Because it is only males that inherit a Y chromosome, analysis
based on this genetic material can only be performed on male DNA.
However, women may obtain this information by using a sample from
a male relative such as a brother or father.
Building
a global family tree
By
comparing two mens Y chromosomes, it is possible to judge
how closely they are related. If their genetic codes are very
similar, we can say that they share a common male ancestor in
the recent past.
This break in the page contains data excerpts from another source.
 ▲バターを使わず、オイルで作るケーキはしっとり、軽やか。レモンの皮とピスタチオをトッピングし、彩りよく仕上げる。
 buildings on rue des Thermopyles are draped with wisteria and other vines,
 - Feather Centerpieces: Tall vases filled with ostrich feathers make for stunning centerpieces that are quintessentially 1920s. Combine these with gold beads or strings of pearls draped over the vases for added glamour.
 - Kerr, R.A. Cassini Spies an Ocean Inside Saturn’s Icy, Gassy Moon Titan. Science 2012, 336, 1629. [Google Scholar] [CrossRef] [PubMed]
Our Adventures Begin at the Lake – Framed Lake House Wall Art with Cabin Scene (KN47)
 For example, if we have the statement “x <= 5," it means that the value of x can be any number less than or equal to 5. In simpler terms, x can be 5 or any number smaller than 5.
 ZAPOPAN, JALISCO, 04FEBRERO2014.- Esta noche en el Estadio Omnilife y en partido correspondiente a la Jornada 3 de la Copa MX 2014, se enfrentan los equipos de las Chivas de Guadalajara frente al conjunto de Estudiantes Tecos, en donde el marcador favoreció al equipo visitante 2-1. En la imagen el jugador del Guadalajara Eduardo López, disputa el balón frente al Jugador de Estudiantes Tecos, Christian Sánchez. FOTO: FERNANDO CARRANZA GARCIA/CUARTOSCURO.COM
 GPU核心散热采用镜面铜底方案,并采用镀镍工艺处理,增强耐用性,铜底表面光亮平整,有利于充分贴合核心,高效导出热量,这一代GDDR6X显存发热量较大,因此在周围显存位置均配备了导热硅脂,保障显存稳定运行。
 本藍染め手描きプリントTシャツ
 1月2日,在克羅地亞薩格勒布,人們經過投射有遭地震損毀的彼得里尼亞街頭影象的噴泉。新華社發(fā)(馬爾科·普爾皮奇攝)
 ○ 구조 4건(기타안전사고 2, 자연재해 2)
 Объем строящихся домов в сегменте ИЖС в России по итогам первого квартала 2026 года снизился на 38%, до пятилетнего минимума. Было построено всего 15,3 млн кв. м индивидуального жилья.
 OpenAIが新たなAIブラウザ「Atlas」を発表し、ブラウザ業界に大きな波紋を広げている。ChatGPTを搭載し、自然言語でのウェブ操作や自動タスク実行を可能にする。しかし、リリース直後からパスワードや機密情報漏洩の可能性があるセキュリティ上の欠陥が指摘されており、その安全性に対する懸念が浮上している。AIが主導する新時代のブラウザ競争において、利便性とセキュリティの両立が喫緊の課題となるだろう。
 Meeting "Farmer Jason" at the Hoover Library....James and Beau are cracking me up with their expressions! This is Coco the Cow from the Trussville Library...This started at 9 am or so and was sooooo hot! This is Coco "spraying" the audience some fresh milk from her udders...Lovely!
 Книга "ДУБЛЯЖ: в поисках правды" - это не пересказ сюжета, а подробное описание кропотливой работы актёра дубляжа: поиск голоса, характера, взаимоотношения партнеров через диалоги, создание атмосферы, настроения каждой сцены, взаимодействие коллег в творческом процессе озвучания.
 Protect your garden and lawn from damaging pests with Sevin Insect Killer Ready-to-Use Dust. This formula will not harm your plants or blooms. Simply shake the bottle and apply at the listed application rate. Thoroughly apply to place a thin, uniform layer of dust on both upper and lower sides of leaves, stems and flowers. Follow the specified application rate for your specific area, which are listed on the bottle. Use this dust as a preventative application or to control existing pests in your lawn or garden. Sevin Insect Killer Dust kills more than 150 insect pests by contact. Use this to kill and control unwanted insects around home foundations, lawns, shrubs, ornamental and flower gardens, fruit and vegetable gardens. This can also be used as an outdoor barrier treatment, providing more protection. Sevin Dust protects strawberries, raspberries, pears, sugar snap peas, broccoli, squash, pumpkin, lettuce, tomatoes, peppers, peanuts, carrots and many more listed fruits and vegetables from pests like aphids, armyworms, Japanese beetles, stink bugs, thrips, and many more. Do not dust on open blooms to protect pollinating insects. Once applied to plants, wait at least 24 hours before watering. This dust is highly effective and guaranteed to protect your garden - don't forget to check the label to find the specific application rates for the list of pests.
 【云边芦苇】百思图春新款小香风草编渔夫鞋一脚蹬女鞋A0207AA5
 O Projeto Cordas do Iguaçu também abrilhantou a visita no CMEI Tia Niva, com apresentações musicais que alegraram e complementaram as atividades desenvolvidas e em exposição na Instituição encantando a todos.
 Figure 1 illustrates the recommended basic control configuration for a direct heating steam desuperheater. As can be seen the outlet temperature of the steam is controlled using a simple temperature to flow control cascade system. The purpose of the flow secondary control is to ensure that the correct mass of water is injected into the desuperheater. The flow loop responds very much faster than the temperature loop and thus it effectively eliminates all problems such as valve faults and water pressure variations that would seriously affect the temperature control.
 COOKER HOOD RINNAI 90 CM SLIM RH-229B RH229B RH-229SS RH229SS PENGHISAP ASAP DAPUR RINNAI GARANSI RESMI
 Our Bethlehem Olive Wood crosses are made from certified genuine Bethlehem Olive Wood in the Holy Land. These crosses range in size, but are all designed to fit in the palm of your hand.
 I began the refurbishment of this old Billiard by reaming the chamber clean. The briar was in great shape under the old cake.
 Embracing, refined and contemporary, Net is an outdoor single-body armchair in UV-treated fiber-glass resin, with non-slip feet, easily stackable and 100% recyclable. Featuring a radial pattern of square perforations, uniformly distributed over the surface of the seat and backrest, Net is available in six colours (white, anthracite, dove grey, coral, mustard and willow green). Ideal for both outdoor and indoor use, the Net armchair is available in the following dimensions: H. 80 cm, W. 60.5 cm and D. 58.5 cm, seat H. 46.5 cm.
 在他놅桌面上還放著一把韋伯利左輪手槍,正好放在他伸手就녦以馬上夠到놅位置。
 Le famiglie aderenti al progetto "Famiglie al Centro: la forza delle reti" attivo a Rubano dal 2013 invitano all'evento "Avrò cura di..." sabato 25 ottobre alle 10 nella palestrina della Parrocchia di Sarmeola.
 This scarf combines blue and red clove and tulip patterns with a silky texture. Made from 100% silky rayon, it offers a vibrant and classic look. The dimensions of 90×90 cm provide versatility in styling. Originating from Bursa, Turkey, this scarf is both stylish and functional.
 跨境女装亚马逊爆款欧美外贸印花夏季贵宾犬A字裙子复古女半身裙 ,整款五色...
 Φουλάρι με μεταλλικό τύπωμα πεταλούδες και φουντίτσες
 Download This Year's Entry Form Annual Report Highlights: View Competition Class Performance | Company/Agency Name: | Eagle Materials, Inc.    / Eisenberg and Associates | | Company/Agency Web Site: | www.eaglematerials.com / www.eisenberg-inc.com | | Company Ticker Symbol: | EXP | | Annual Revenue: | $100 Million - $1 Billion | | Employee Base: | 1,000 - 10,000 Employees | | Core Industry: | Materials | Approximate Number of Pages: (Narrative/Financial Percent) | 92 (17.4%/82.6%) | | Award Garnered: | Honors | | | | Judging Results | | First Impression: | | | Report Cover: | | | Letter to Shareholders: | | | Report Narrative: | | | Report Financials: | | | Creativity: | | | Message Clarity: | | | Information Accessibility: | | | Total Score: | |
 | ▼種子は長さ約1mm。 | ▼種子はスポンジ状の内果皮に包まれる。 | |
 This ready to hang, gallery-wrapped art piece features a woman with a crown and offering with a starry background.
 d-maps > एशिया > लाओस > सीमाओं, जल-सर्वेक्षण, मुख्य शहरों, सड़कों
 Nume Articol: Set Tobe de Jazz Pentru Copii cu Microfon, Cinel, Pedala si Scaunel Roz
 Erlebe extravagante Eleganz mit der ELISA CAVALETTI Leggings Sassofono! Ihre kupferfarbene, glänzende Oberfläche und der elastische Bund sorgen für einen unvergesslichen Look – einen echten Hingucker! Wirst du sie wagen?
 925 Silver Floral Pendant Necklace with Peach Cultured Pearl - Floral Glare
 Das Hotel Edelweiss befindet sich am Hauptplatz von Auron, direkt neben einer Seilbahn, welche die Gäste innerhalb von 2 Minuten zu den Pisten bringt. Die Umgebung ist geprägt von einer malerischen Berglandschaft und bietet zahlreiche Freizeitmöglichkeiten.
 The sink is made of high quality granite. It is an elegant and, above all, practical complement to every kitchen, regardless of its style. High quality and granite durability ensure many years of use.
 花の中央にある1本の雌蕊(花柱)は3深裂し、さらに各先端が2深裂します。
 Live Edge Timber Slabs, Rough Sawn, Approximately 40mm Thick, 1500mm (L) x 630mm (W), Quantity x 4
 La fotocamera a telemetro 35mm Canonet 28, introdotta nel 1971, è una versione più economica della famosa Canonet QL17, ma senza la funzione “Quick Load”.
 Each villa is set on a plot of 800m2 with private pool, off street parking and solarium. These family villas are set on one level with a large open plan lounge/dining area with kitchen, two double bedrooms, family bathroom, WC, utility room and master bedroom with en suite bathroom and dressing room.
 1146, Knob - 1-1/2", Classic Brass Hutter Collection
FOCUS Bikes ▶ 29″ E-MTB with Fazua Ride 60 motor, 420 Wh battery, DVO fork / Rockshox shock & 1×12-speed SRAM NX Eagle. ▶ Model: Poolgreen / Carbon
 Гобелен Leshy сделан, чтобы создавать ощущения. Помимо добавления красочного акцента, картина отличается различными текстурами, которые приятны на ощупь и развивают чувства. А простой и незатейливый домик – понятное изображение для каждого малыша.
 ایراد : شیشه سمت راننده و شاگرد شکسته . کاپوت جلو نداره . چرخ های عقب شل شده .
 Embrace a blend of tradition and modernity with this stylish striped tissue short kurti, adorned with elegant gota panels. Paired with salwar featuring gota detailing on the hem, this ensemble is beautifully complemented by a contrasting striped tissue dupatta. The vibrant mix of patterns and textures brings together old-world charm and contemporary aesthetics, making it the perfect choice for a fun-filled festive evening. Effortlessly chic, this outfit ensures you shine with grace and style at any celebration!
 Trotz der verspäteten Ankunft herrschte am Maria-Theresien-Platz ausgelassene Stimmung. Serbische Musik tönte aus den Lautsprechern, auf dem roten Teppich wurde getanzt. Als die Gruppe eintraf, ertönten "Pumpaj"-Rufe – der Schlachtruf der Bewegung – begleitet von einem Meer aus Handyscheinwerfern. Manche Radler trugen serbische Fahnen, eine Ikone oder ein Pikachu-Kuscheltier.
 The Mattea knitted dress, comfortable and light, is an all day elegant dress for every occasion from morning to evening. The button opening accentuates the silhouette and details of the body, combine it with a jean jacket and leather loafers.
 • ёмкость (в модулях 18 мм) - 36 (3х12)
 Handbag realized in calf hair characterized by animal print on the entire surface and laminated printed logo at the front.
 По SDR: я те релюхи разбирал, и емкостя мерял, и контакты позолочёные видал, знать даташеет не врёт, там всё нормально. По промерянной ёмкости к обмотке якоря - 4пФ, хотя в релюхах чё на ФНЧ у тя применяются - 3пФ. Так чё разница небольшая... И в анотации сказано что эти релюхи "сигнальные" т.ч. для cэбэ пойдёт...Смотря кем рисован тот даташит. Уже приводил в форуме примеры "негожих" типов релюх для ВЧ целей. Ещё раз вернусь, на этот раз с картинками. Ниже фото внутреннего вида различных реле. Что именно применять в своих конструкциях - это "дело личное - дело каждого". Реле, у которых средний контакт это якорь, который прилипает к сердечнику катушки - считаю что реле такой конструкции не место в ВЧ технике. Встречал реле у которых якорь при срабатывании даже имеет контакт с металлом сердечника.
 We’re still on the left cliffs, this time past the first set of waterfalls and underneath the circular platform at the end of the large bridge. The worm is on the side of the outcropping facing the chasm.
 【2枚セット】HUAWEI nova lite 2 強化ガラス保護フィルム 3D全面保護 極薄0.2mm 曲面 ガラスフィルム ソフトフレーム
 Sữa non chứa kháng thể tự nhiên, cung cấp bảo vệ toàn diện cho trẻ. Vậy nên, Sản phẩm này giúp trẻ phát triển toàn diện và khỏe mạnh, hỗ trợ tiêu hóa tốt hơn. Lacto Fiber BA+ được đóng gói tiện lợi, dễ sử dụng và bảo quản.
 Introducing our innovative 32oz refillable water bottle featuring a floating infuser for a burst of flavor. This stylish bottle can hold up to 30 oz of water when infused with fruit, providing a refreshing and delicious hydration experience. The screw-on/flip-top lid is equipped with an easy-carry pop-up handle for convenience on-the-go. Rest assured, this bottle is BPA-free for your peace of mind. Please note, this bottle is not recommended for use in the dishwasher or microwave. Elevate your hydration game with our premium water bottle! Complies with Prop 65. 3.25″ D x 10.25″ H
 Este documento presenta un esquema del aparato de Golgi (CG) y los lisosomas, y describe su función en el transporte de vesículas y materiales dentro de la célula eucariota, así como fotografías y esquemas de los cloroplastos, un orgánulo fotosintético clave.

The more differences that have accumulated in
their genetic codes, the more generations have passed since their
last common ancestor.
Scientists have used this basic principle to compare the DNA from
thousands of men living all across the planet. They have used
their findings to construct a global family tree of male ancestors.
The
journeys that shaped history
This
male family tree is rooted some 100,000 years ago, at a time when
the ancestors of all modern humans were living in Africa. As some
of these early groups of humans took their first tentative steps
out of our ancient homeland, their journeys led them in different
directions and their family lines gradually began to diverge.
It is these different lineages that form the separate branches
of the global family tree.
GeoGene has divided the male family tree into 17 unique accounts
tracing the most important of these journeys the ones that
would define the course of subsequent human history. The account
we send you will reveal the route your own paternal ancestors
took as they left Africa, explaining how and when your ancestors
arrived at the part of the world in which their genetic inheritance
is most visible today. You might, for example, learn that you
inherited your Y chromosome from one of a number of groups of
hunter-gatherers who arrived in Europe around the time of the
Great Ice Age. Or you might discover that you are descended from
a group of Neolithic farmers who journeyed into Europe from the
Near East after the Ice Age had ended, bringing with them agricultural
knowledge that would change our way of life forever. Or perhaps
you are descended from another ancestral lineage.